- Head coach: Jimmy Mariano
- Owner(s): CFC Corporation

Open Conference results
- Record: 4–14 (22.2%)
- Place: 9th
- Playoff finish: N/A

Reinforced Filipino results
- Record: 13–12 (52%)
- Place: 3rd
- Playoff finish: Semifinals

Presto Fun Drinks seasons

= 1981 Presto Fun Drinks season =

The 1981 Presto Fun Drinks season was the 7th season of the franchise in the Philippine Basketball Association (PBA).

==Transactions==

| ADDITIONS |
|---|
| Bienvenido dela Cruz ^{Acquired from Gilbey's Gin} |
| Filomeno Gulfin ^{Acquired from Crispa} |
| Larry Mumar ^{Acquired from Galleon} |

| Rookies | Signed | Last MICAA team |
| Woodrow Jaymalin | Off-season | Presto |
Ricardo Roces
Rafael Sison
| Joey Marquez | Solidenims |
| Joel Banal | August 1981 | Presto |
Eddie Mendoza
Jose Roslin
Manny Victorino

==Summary==
Jimmy Mariano takes over from fellow olympian Alfonso "Boy" Marquez on the Presto bench at the start of the season. The Presto Fun Drinkers had a pair of Harold Johnson and Myles Patrick for their imports in the Open Conference. After two games, Patrick was replaced by Earl Tatum, who played four games before getting injured and left without any replacement.

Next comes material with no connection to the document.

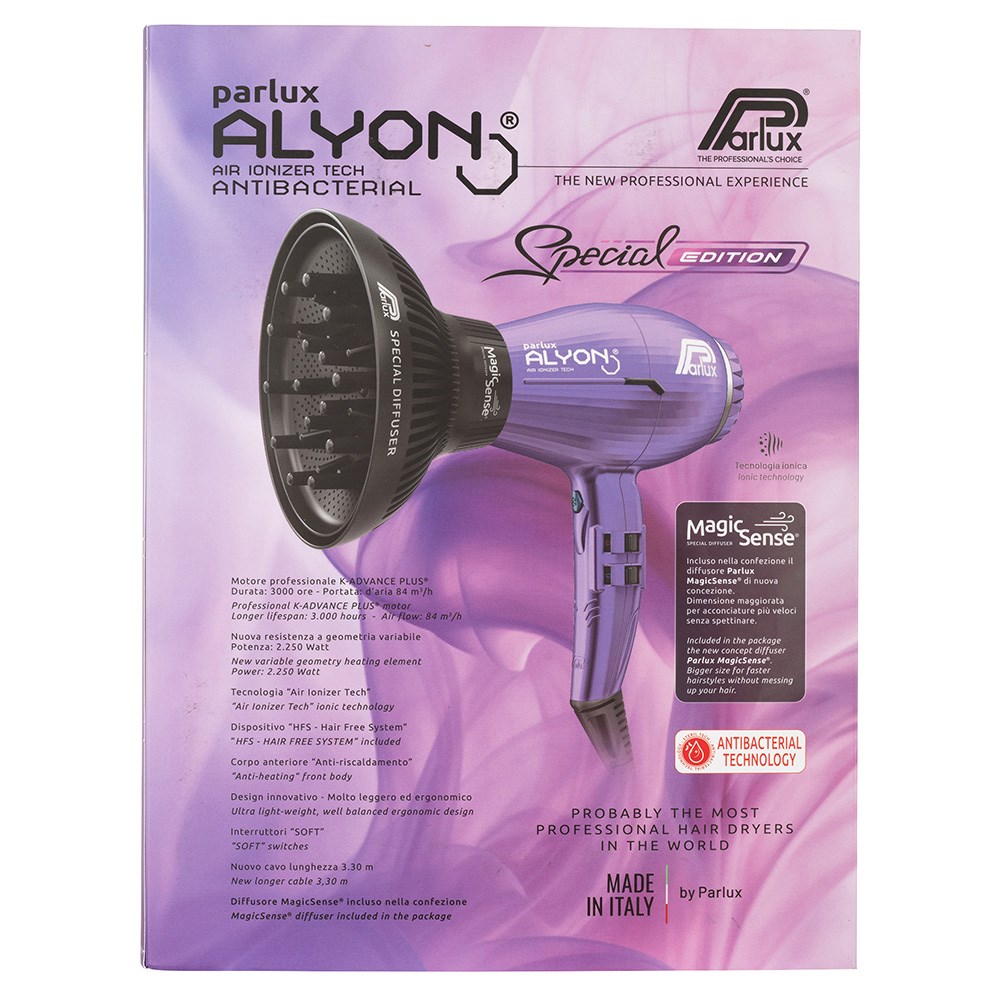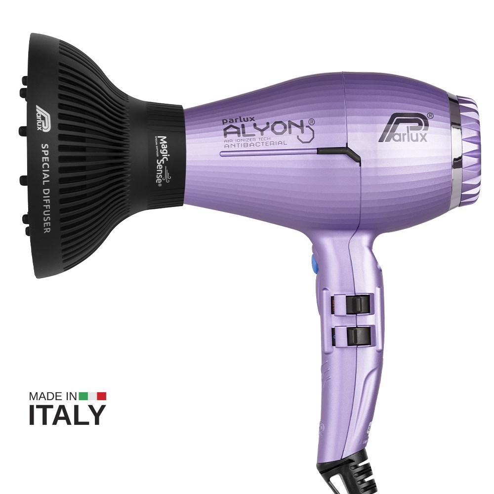 A hair dryer in full bloom. Parlux Alyon Air Ionizer Tech Hair Dryer And Diffuser Lilac is ultra-lightweight, ergonomic and perfectly balanced, designed to unleash creative styling. In lovely lilac, Alyon boasts 2,250 watts of potent power, concentrated airflow and a longer lifespan. Air Ionizer Tech creates smooth, lustrous results while being kinder to hair. Antibacterial surfaces with embedded silver help maintain hygiene. Eco-friendly philosophy. With over 40 years of experience, Parlux is at the forefront of professional hair dryer design. Includes Parlux MagicSense Diffuser with perfect temperature/airflow ratio.

The handicap ruling favored the team in the Reinforced Filipino Conference as the Fun Drinkers enlisted the services of Lew Massey, often called "Sweet Lew", Massey is a prolific scoring machine from North Carolina State and the second round pick of the Los Angeles Lakers in the 1978 NBA Draft.

The Fun Drinkers enters the quarterfinal phase of the Reinforced Filipino Conference with a 5–4 won-loss slate. Presto made it to the semifinal round along with Crispa, U-Tex and Yco-Tanduay by winning three of their five outings in the round of six.

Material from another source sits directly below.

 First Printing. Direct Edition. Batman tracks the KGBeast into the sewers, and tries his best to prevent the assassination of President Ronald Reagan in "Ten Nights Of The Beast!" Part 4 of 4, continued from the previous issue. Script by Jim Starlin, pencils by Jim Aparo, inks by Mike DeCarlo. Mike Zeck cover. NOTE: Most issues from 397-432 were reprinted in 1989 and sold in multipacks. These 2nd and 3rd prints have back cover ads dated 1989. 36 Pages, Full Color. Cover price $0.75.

On the last playing date of the semifinals on November 14, the Fun Drinkers beat Yco-Tanduay, 121–114, to finish with three wins and three losses and tied with Crispa, which beat first finalist U-Tex in the nightcap. The CFC ballclub lost to the Redmanizers, 114–119, in the playoff game on November 17 in their closest bid to advance in the championship for the first time.

==Win–loss record vs opponents==

| Teams | Win | Loss | 1st (Open) | 2nd (RAF) |
| CDCP Road Builders | 0 | 3 | 0–2 | 0–1 |
| Crispa Redmanizers | 1 | 6 | 0–2 | 1–4 |
| Finance Funders | 1 | 2 | 1-1 | 0–1 |
| Gilbey's Gin / St.George | 2 | 1 | 1-1 | 1-0 |
| San Miguel Beermen | 1 | 2 | 0–2 | 1-0 |
| Tefilin Polyesters | 2 | 2 | 0–2 | 2-0 |
| Toyota Super Diesels | 1 | 3 | 1-1 | 0–2 |
| U-Tex Wranglers | 2 | 4 | 0–2 | 2-2 |
| YCO-Tanduay | 7 | 3 | 1-1 | 6-2 |
| Total | 17 | 26 | 4–14 | 13-12 |

==Awards==
Rafael "Cho" Sison was voted the season's Rookie of the year.